- **What you need to do**
Reproduce the entire listing exactly as written, apart from its pictures.

- **Data provided**
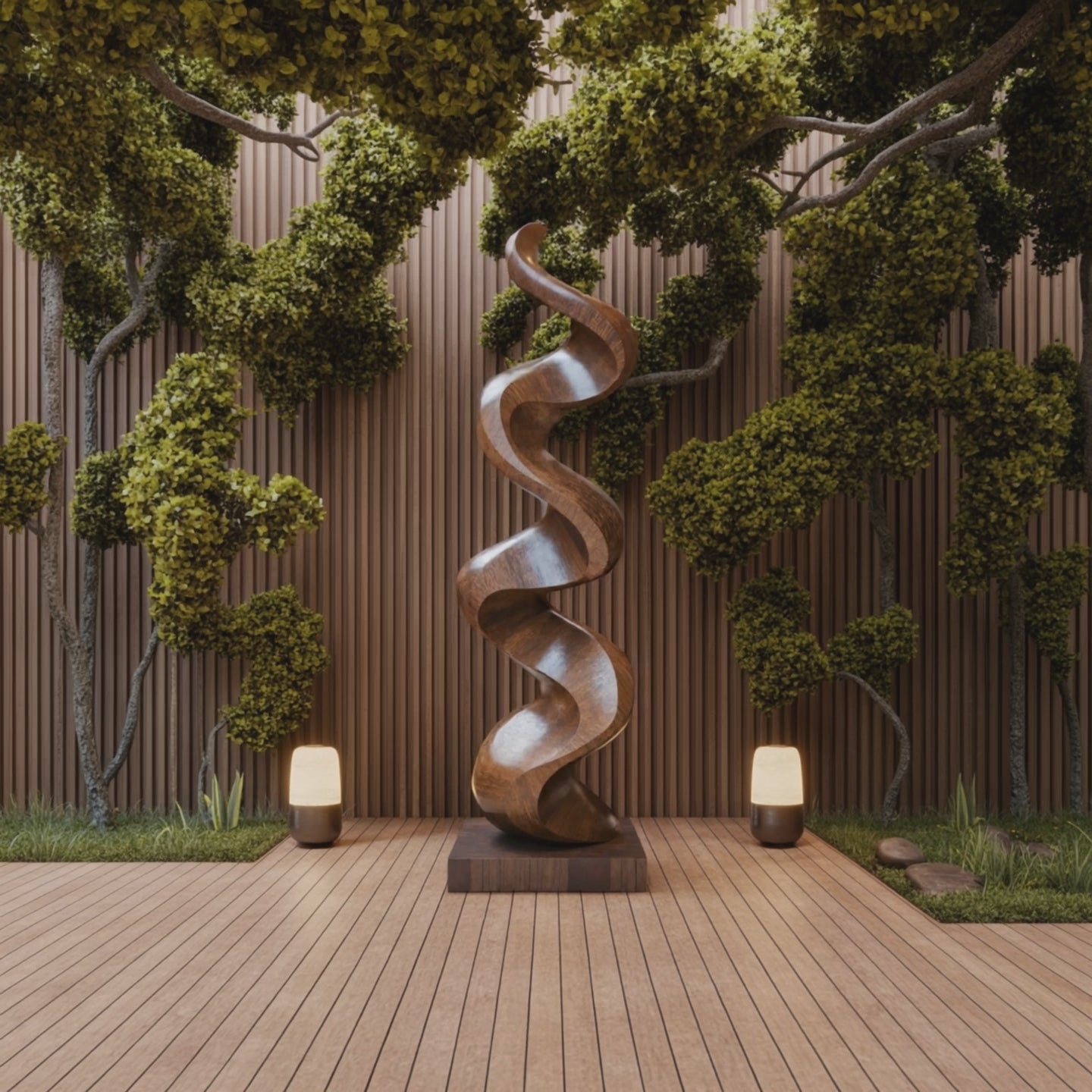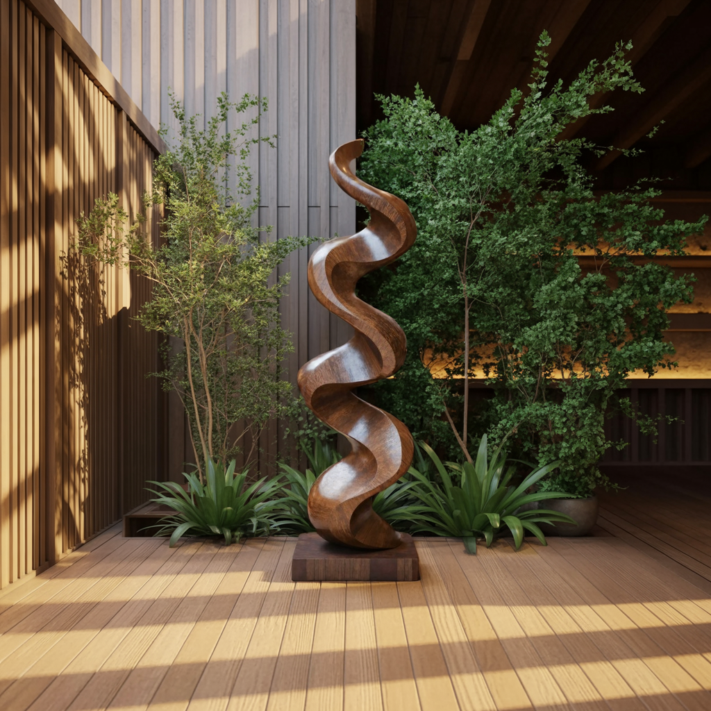 Inspired by the flowing movement of flames and the organic forms found in nature, this abstract wooden sculpture is more than just décor - it’s a visual statement. Its fluid, twisting curves evoke motion and harmony, creating a sense of energy that subtly transforms any space. Whether used as a focal point or an accent piece, it brings life and depth to minimalist, modern, and contemporary interiors.
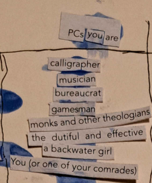 After spending the Winter in the Ember, I decided to hack apart Winter's Embrace (an adventure for L5R) and find the elements that could fit into a more classic rpg. This is a fragment of an adventure, stuck together with blue nail paint and willpower.
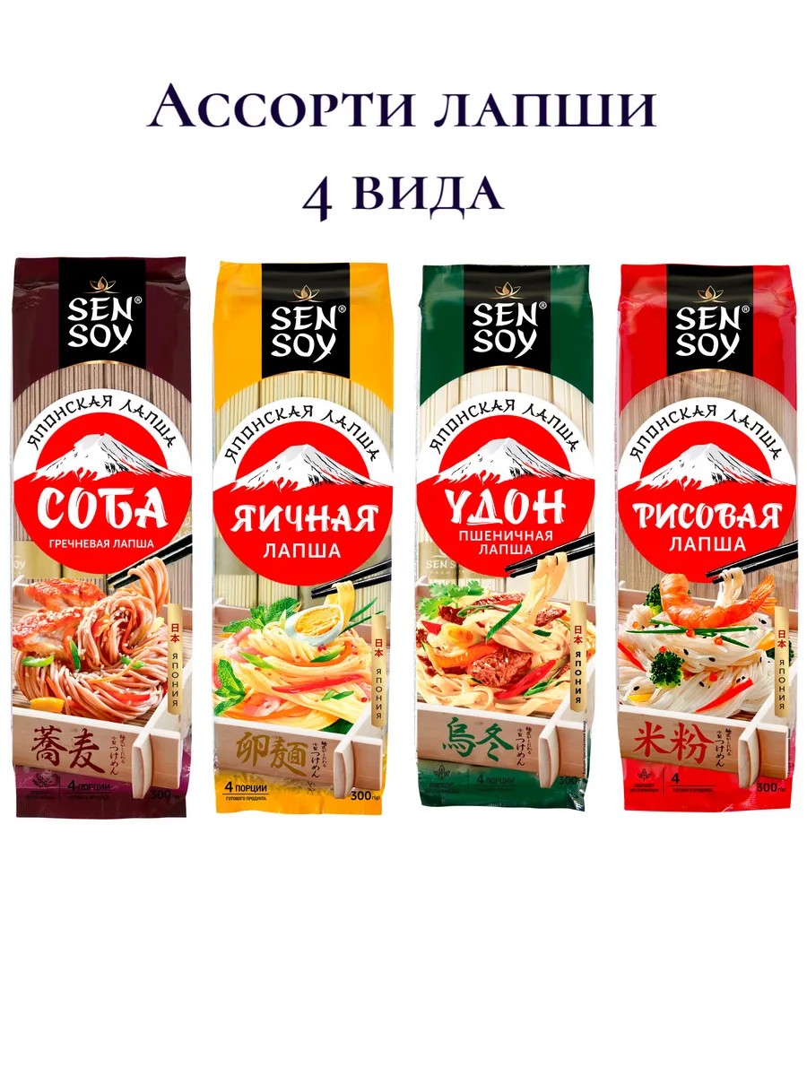 В данное ассорти входят четыре вида: Соба (гречневая лапша), Удон (пшеничная лапша), Рисовая лапша и Яичная лапша.

- **Answer to the exercise**
 Inspired by the flowing movement of flames and the organic forms found in nature, this abstract wooden sculpture is more than just décor - it’s a visual statement. Its fluid, twisting curves evoke motion and harmony, creating a sense of energy that subtly transforms any space. Whether used as a focal point or an accent piece, it brings life and depth to minimalist, modern, and contemporary interiors.
 After spending the Winter in the Ember, I decided to hack apart Winter's Embrace (an adventure for L5R) and find the elements that could fit into a more classic rpg. This is a fragment of an adventure, stuck together with blue nail paint and willpower.
 В данное ассорти входят четыре вида: Соба (гречневая лапша), Удон (пшеничная лапша), Рисовая лапша и Яичная лапша.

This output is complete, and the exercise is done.